● **GOAL OF THE EXERCISE**:
Locate the line bearing "Set of four" in the material below, then reproduce it and each following line up to and including the line bearing "買指定國產魚品項,單筆滿200元現折20元,滿300元現折40元".

TASK INPUT Start Marker

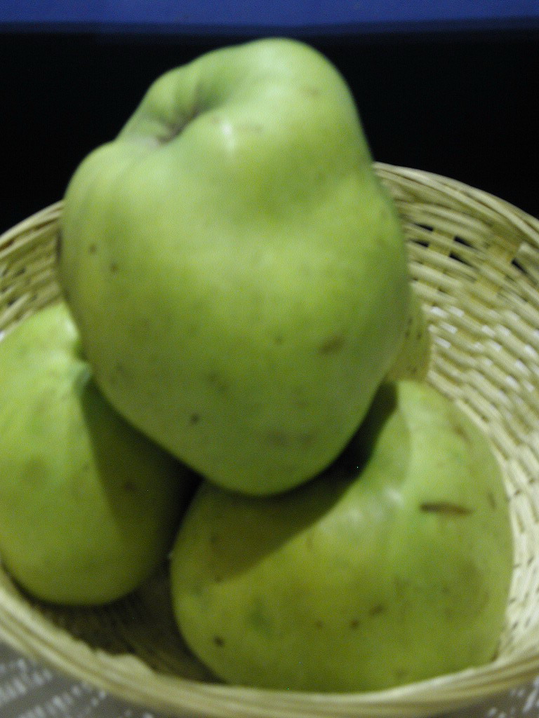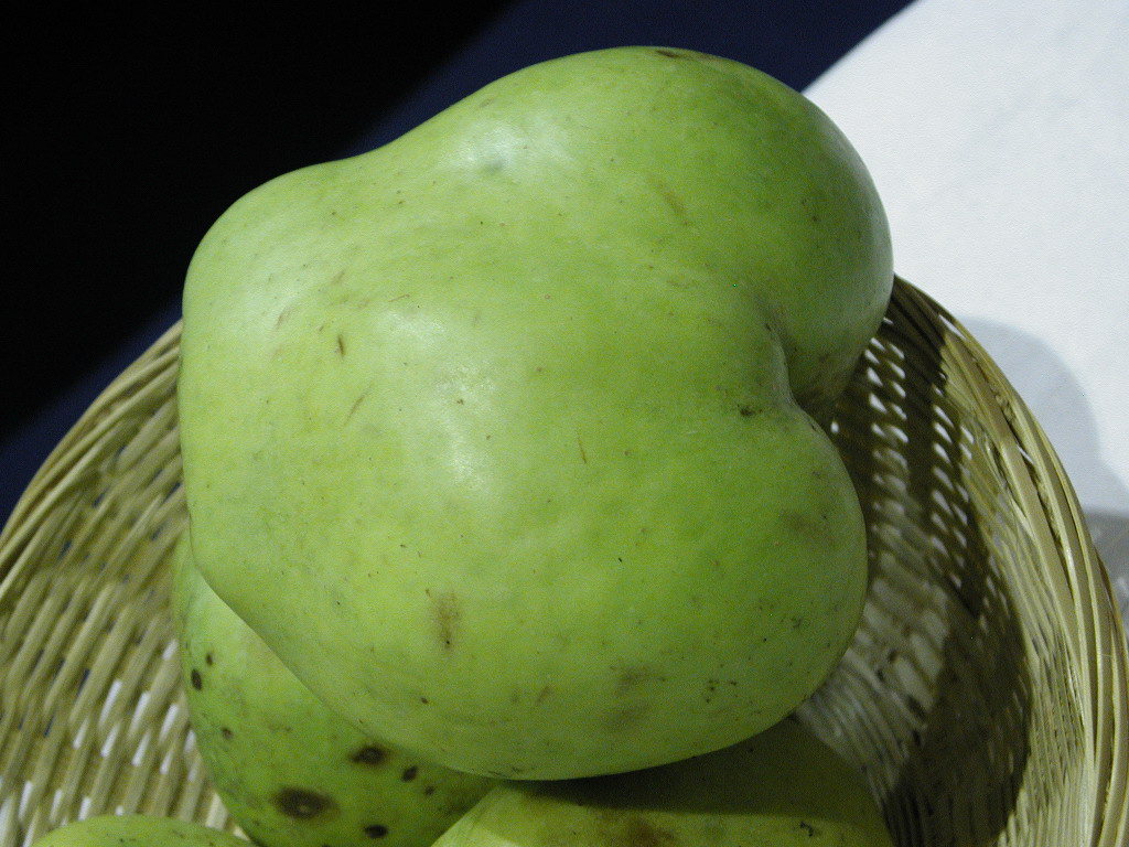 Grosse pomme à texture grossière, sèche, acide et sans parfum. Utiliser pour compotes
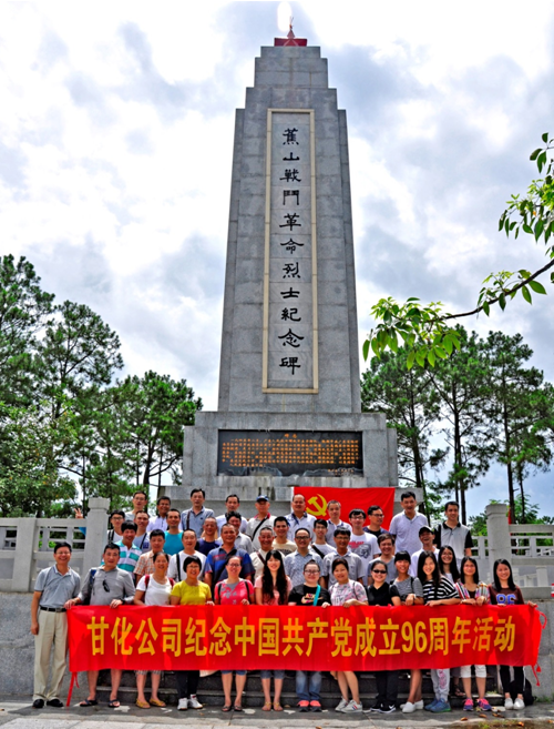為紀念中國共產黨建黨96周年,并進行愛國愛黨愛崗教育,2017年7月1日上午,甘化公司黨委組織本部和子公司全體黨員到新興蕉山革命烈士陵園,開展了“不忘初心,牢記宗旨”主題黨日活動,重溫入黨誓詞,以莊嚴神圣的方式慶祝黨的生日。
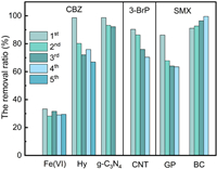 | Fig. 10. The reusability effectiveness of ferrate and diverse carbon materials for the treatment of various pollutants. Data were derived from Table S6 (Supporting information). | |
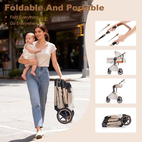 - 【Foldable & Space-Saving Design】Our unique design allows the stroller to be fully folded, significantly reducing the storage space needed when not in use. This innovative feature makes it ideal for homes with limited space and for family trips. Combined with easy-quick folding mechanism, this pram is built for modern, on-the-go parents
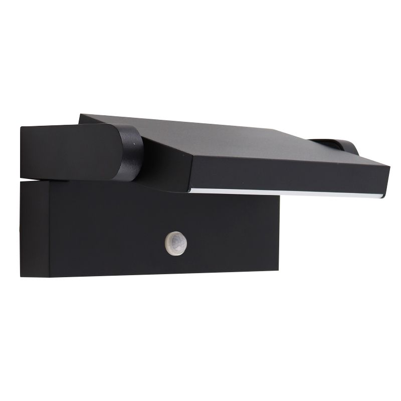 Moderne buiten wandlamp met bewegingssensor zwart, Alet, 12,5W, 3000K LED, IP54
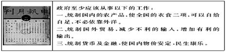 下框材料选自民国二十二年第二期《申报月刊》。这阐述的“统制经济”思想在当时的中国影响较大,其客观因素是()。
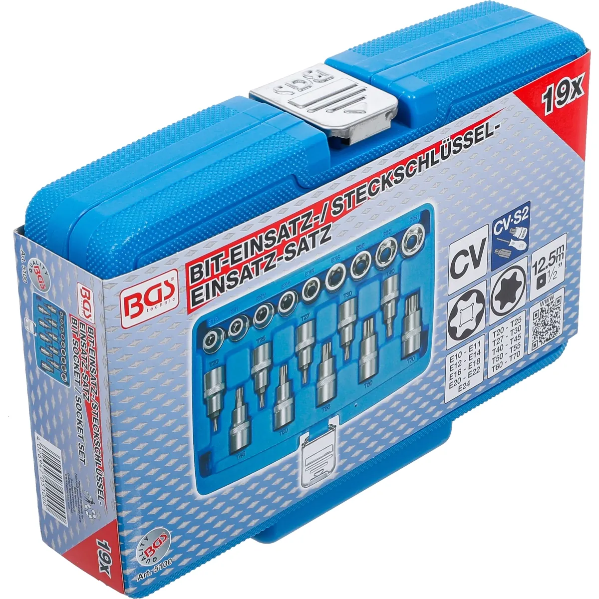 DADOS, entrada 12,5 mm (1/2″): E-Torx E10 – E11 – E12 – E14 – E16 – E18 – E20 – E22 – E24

TASK INPUT End Marker
TASK INPUT Start Marker

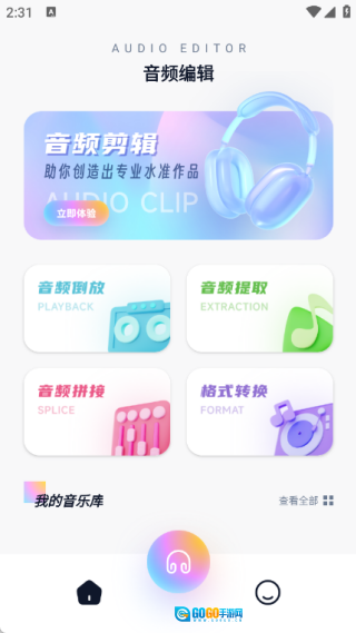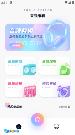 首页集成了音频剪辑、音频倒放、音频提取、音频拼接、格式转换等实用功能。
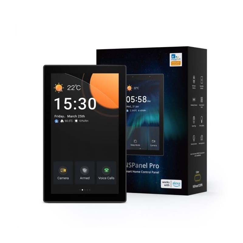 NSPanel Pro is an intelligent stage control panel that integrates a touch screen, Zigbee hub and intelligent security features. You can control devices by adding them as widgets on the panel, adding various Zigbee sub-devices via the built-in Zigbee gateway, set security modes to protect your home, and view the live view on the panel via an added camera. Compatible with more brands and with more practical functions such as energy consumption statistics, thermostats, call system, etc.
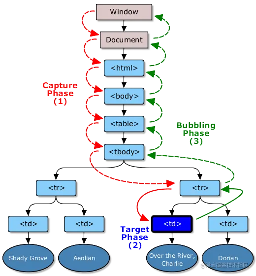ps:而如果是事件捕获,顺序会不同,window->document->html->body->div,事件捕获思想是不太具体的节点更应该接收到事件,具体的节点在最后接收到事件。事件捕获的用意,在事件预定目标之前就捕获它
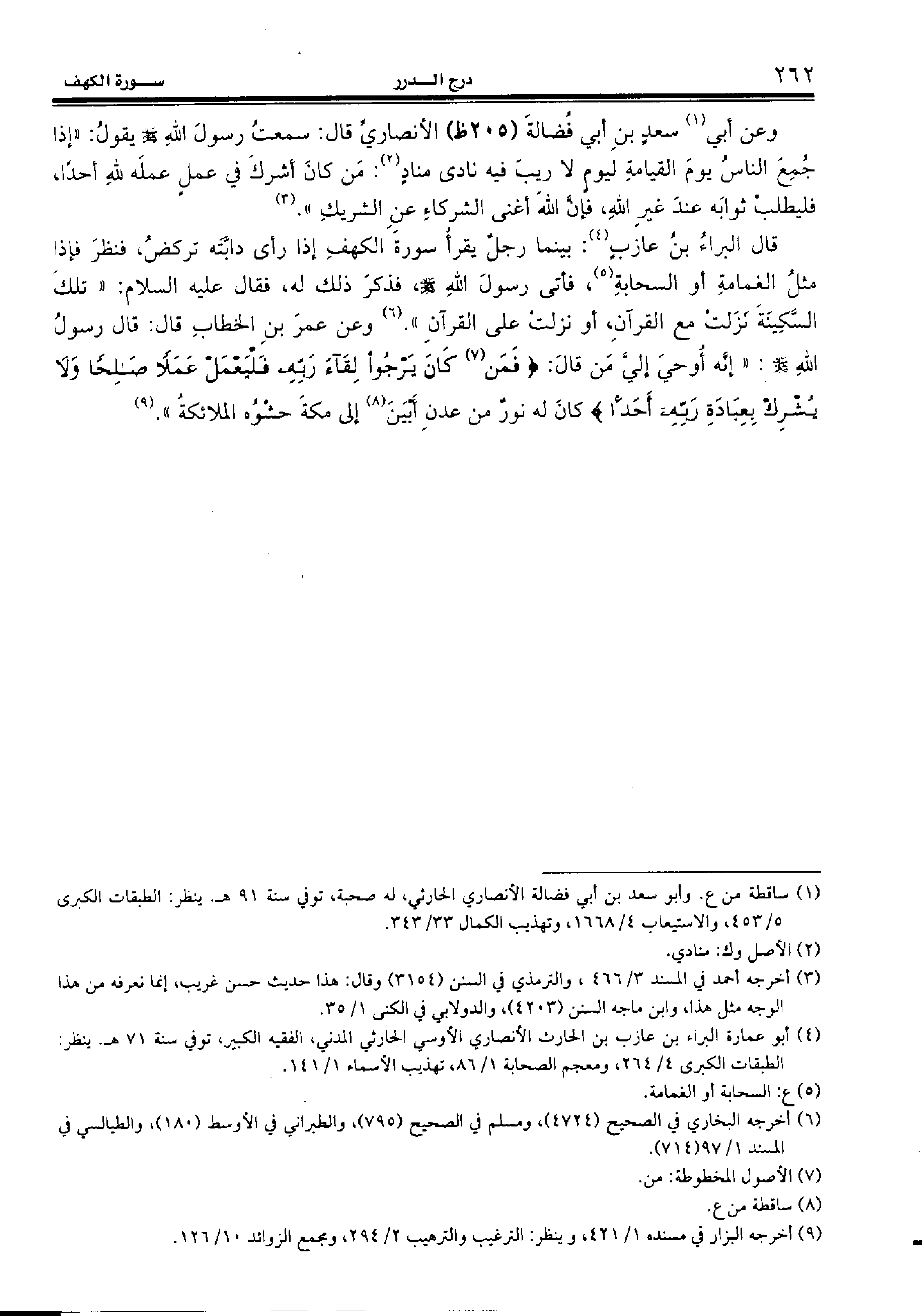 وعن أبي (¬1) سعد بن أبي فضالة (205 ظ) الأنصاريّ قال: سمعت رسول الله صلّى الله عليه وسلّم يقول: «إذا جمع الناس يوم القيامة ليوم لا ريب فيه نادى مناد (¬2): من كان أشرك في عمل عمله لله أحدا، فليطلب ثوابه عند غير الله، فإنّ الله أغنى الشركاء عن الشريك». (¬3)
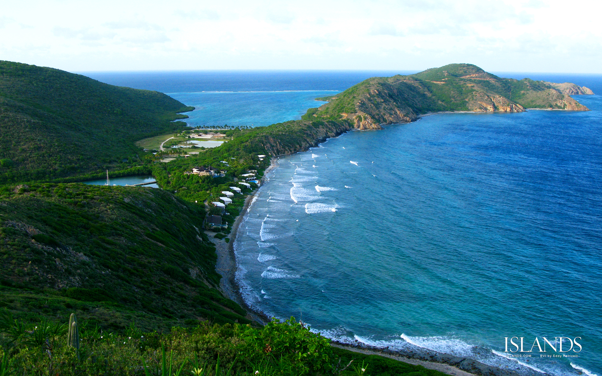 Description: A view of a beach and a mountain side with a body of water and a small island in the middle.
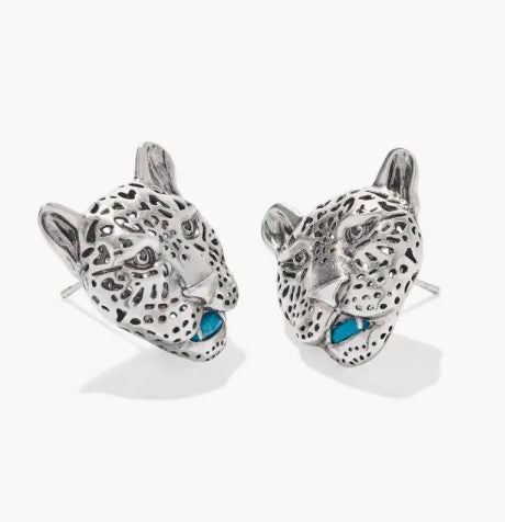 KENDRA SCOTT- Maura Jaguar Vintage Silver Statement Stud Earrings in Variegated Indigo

TASK INPUT End Marker
TASK INPUT Start Marker

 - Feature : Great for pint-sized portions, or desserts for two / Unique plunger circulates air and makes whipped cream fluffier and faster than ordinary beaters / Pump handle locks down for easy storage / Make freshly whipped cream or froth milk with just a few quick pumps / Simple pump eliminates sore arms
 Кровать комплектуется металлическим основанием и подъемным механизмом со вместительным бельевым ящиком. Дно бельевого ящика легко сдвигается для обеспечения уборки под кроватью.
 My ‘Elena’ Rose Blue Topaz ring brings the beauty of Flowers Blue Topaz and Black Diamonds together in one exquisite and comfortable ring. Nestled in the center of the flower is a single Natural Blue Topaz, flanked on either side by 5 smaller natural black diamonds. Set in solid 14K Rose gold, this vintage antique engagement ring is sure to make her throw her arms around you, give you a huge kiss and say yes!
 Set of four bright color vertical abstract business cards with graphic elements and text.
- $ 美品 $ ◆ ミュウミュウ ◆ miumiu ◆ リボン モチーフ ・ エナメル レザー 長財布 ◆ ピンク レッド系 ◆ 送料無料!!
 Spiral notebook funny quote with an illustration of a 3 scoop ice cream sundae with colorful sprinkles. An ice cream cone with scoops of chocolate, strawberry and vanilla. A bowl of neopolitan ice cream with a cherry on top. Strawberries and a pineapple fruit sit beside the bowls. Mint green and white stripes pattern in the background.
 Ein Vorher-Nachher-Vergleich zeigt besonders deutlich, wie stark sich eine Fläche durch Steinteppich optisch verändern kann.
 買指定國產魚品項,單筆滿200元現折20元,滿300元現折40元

TASK INPUT End Marker

● **REPLY TO THE TASK**:
 Set of four bright color vertical abstract business cards with graphic elements and text.
- $ 美品 $ ◆ ミュウミュウ ◆ miumiu ◆ リボン モチーフ ・ エナメル レザー 長財布 ◆ ピンク レッド系 ◆ 送料無料!!
 Spiral notebook funny quote with an illustration of a 3 scoop ice cream sundae with colorful sprinkles. An ice cream cone with scoops of chocolate, strawberry and vanilla. A bowl of neopolitan ice cream with a cherry on top. Strawberries and a pineapple fruit sit beside the bowls. Mint green and white stripes pattern in the background.
 Ein Vorher-Nachher-Vergleich zeigt besonders deutlich, wie stark sich eine Fläche durch Steinteppich optisch verändern kann.
 買指定國產魚品項,單筆滿200元現折20元,滿300元現折40元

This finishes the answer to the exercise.